## Velocity Time Plots

A rather useful tool for understanding kinematics for people not well versed with calculus is a velocity-time plot.

Below is a graph of an object's position, velocity, and acceleration with respect to time. For this example, I used constant acceleration because it's easier to draw, but there is another example with a more complicated acceleration below that.

Usually, you will be given the velocity-time plot first (middle) and asked to determine the information for acceleration using rise-over-run, or the slope of the line. The position plot is the "area under the curve" of the velocity plot (aka an integral).

For this plot, the velocity has straight lines so the area can be determined with triangles, squares, and trapazoids. The area enclosed between the curve and the x-axis (zero velocity) is the change in x position, so the first triangle with an area of 2 (m/s * s) gives an increase of 2 m. The next 2 triangles enclose a negative velocity, so the particle moves backward.

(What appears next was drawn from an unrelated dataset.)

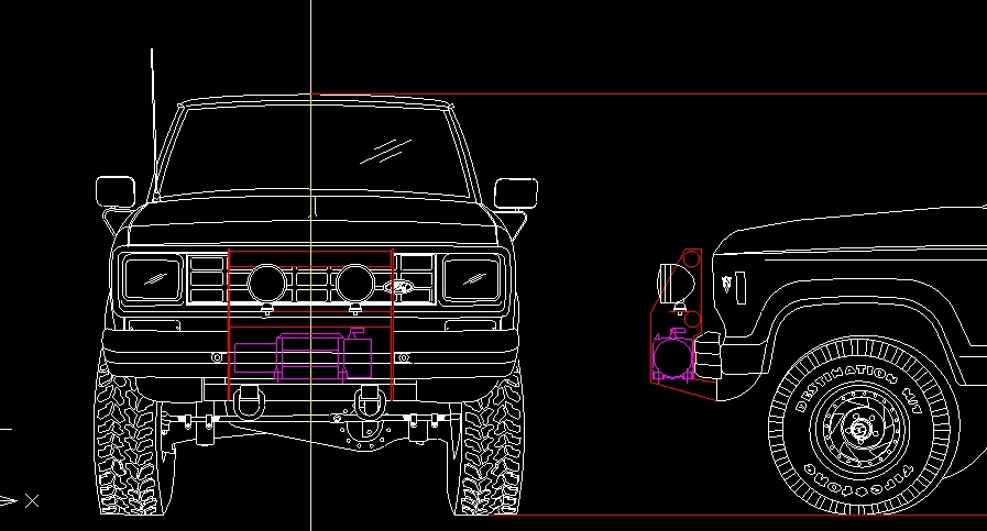 And I started doodling my grille guard last weekend. I have the factory headlight guards... but my current grille guard side plates are outside of the frame. The factory grille guard mounts to the inside so they would stick out like 3" too far on both sides. I pretty much have the top drawn up to be the correct width to match the headlight guard hoops. I need to rough in the receiver/winch plate/winch and then I can work on the contour of the grille guard side plates.

The last thing to note here is the integral of the velocity only shows the change in a position not necessarily the absolute position in your preferred coordinate system, for example, imagine looking at someone waking back and forth through a telescope and counting their steps. From their steps, you can find how their position changes from when you started watching, but if you don't know how far they started from you, you can't figure out where they end with respect to you. to convert to a "preferred coordinate system" add a constant to the position (not starting at zero). This shifts the whole line up or down, but does not affect the slope of that line.

The same process as above can be repeated on non-constant accelerations, but it's a lot messier when done by hand.